Она сгребла байковых зайчиков в одну кучку и повалила их на матрац.
— Ну! Кто спит в середине?
Коленька веселым галопцем прополз на четвереньках на середину матраца.
Лена старательно укрывала их, подсовывала одеяла под спинки. Ребята перед сном хотели еще побаловаться немножко, но не успели. Не прошло и минуты, как все трое задышали ровно.
Лена глубоко вздохнула, прибрала разбросанные одежки и подошла к окну. Хлопотливый день был окончен. Хороший получился день, Лена была довольна собой.
Впрочем, было сегодня одно неприятное, что вдруг вспомнилось только сейчас и кольнуло, как заноза, которую не вынули сразу: разговор с мамой на крыльце.
Лена села к окну и положила подбородок на руки.
«А что, если пойти завтра на огород с ребятишками? Бобка может даже помочь, да и Кук тоже… будет относить траву. А Коленьку посадим в тени у забора, и он будет гулять. Так и сделаю, — думала Лена. — Прополю завтра морковь и лук. А потом прополю какую-нибудь Марусину грядку… И почему Марусину грядку веселее полоть, чем свою? Потому что не обязательно. А свою — обязательно».
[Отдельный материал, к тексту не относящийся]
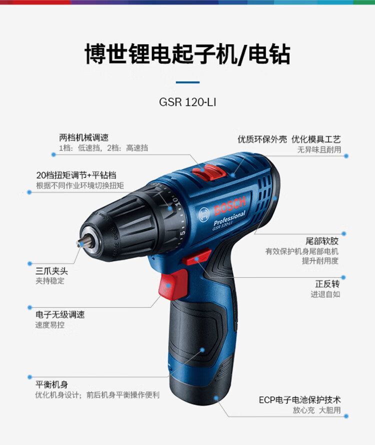 Bosch (BOSCH) GSR120-Li Hand Drill Rechargeable Drill Electric Screwdriver Lithium Battery Household Pistol Drill Cordless Flashlight GSR120-Li Battery-Free Charger Plastic Box
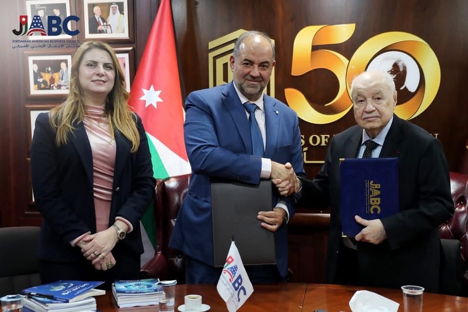 مجلس الأعمال الأردني الأمريكي (JABC) يوقّع اتفاقية تعاون مع مجموعة طلال أبو غزالة العالمية، ومثّل المجلس في التوقيع رئيس مجلس الإدارة الدكتور طارق نجيب، فيما مثّل المجموعة المؤسس والرئيس الدكتور طلال أبو غزالة. وتهدف الاتفاقية إلى تعزيز التعاون في مجالات التحول الرقمي، التدريب، والخدمات المهنية، من خلال تطوير برامج مشتركة تدعم كفاءة بيئة الأعمال وتواكب التطور التقني، إضافة إلى دعم مبادرات المجلس في التجارة والاستثمار وتبادل الخبرات وتنفيذ مشاريع مشتركة مع مؤسسات محلية ودولية. كما تسعى الشراكة إلى توسيع شبكة العلاقات مع المؤسسات الوطنية الرائدة، وتعزيز الابتكار وريادة الأعمال، وفتح آفاق جديدة للتعاون المستدام على المستويين المحلي والدولي.
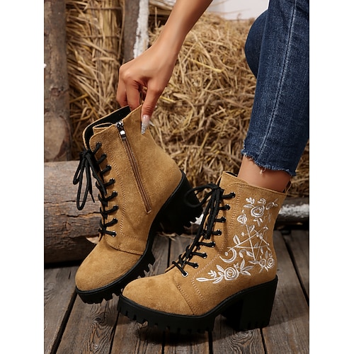 stivaletti da donna in pelle scamosciata color cuoio con lacci e ricami floreali, stivali da combattimento con tacco a blocco per abbigliamento casual e da festa
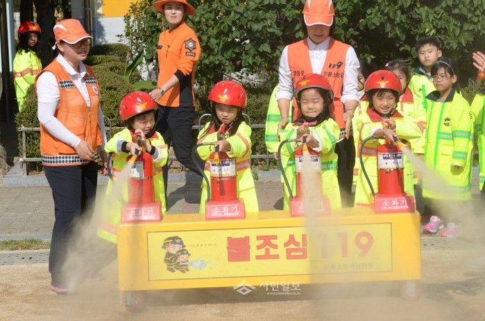 서울 영등포소방서는 지난 14일 오전 여의도동 소재 윤중초등학교 병설유치원 원아 100여명을 대상으로 소방안전체험차량을 이용한 '찾아가는 어린이 소방안전체험 교실'을 운영해 어린이들이 물소화기 체험을 하고 있다.(사진제공=영등포소방서)
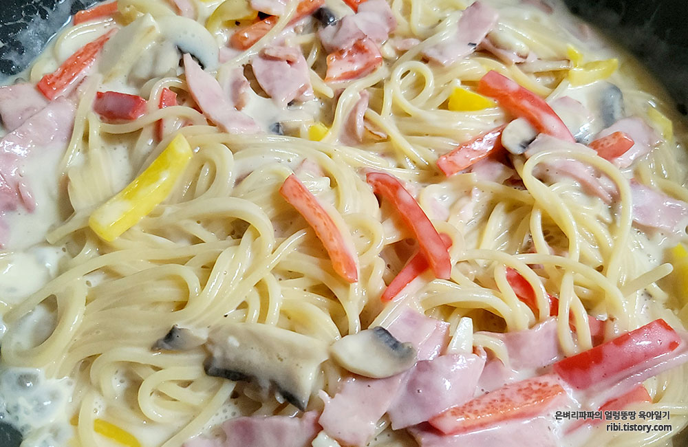 재료 : 시판용 크림소스, 스파게티면, 마늘, 파프리카, 양송이버섯, 베이컨, 올리브유
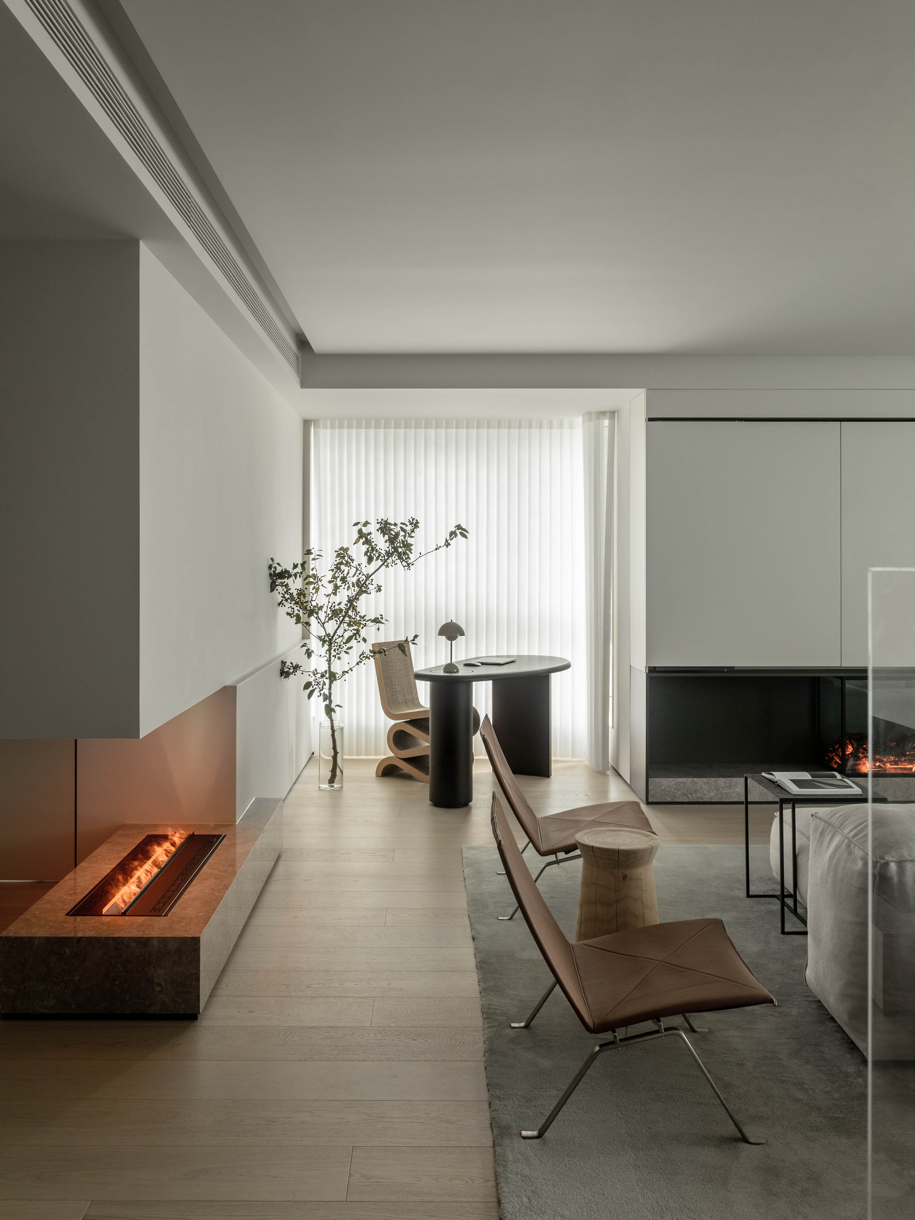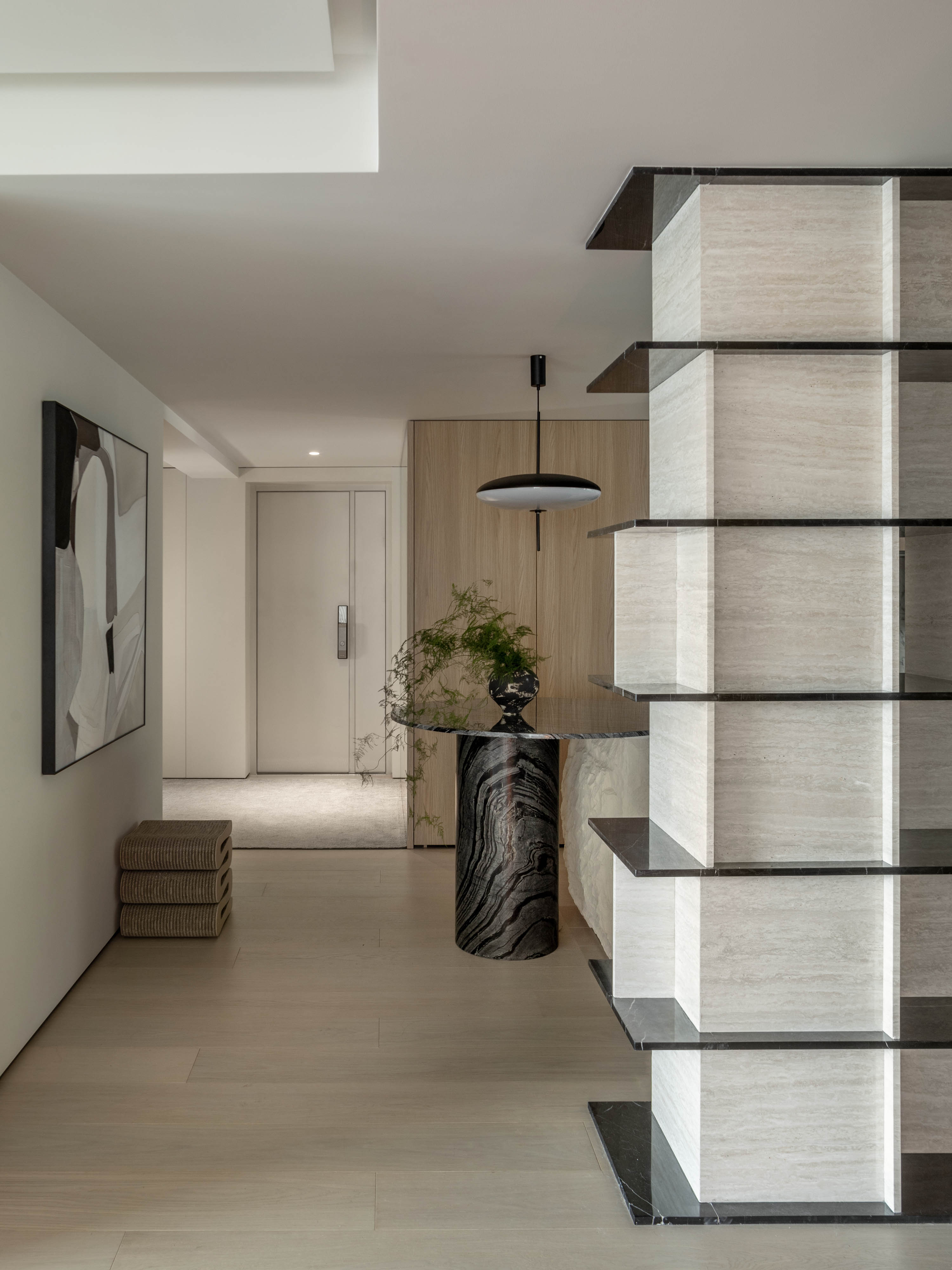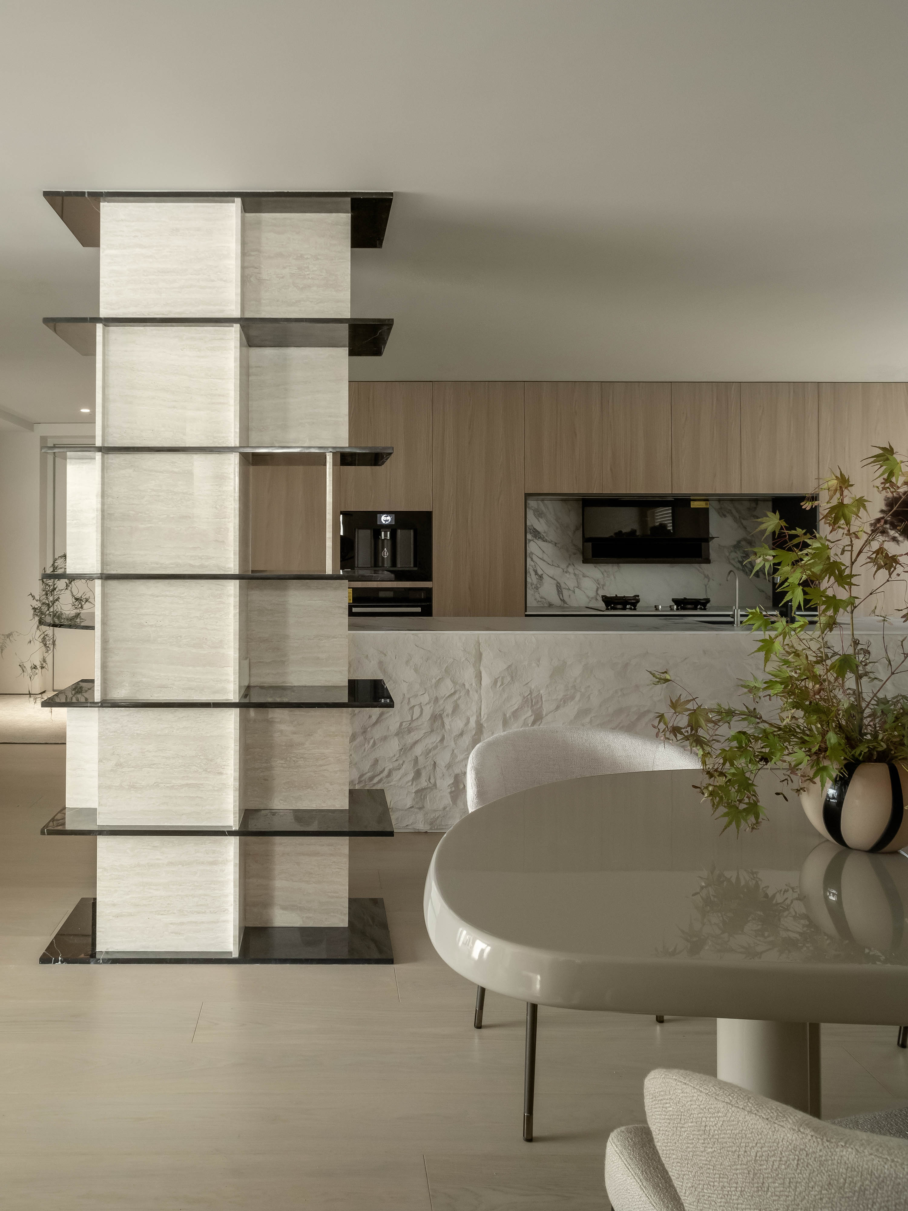 在餐厅与走道的交汇处,一根原始结构柱是无法回避的存在。我们并未试图刻意隐藏,而是选择将其重塑为空间的视觉核心。使其成为一个功能性的艺术装置,极大地丰富了空间的叙事性与趣味性,让每一次穿行都成为一次赏心悦目的旅程。

Мимо окна проехал дедушка Николай. Белоглазка без понуканий трусила к скотному двору, зная, что трудовой день окончен.
Все-таки молодец старушка! Сколько обязательных дел приходится на ее долю.
И дедушка Николай — ему бы давно на печке лежать, а когда-то он еще вернется к своей бабке!
Васенька Мышкин прошел мимо с охапкой сена, устало наморщив маленький лоб. И ему Лена посочувствовала.
Вечер был тихий и ясный, хотелось быть доброй и пожалеть всех. Даже Витька, неистово загоняющий в сарай запоздалого куренка, не вызвал в ней привычного раздражения.
Даже завод, освещенный розоватым вечерним светом, показался не таким скучным, как всегда.
У стены справа зашуршала трава.
К окну подошла мама и заглянула в темную уже комнату.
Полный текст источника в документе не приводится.